* _GOAL OF THE EXERCISE_:
Look below for the line holding "der Vision angesprochene" and the line holding "Neu gestaltete Zimmer". Transcribe exactly those lines and all lines between them, nothing more.

* _DATA FOR THE TASK_:
• • • •

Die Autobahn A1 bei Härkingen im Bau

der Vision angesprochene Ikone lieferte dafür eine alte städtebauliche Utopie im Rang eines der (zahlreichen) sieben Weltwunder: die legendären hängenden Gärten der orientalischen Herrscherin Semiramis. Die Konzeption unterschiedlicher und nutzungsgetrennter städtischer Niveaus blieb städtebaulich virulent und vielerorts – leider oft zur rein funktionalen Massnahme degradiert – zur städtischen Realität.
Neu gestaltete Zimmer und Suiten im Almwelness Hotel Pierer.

• • • •

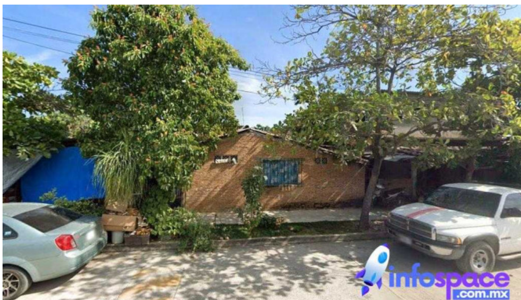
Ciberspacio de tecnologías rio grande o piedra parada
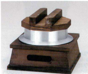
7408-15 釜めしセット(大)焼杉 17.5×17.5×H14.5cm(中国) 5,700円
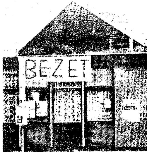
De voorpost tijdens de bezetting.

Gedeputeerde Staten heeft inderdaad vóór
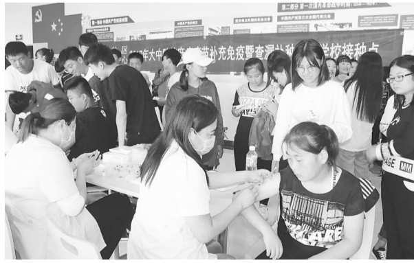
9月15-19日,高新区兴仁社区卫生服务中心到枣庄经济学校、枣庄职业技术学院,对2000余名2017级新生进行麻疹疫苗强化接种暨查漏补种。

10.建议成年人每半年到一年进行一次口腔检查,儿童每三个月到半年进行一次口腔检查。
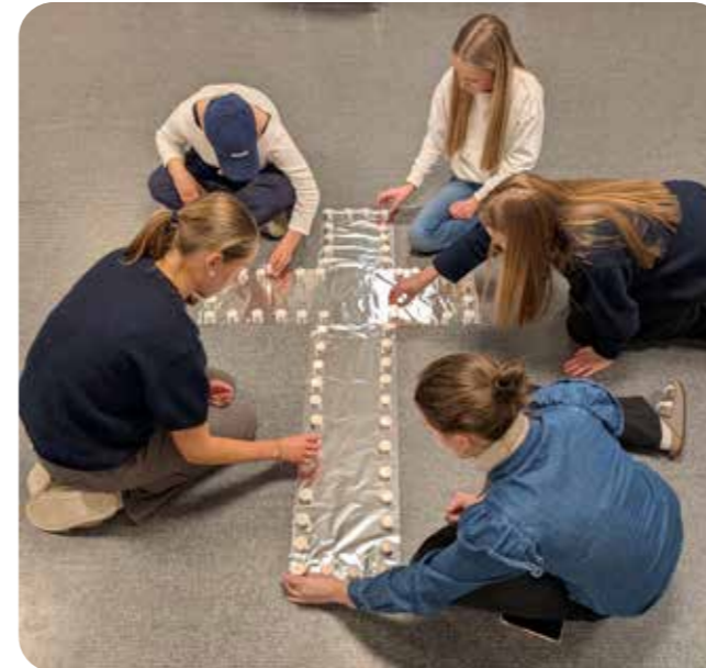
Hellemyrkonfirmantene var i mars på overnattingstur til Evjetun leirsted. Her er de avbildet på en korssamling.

• • • •

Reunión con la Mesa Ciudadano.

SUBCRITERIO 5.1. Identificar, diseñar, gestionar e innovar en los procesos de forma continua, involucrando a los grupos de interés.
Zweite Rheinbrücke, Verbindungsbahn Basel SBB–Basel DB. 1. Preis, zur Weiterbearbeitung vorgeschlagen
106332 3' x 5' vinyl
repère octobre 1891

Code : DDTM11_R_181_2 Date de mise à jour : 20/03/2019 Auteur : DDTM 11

• • • •

* _EXERCISE RESPONSE_:
der Vision angesprochene Ikone lieferte dafür eine alte städtebauliche Utopie im Rang eines der (zahlreichen) sieben Weltwunder: die legendären hängenden Gärten der orientalischen Herrscherin Semiramis. Die Konzeption unterschiedlicher und nutzungsgetrennter städtischer Niveaus blieb städtebaulich virulent und vielerorts – leider oft zur rein funktionalen Massnahme degradiert – zur städtischen Realität.
Neu gestaltete Zimmer und Suiten im Almwelness Hotel Pierer.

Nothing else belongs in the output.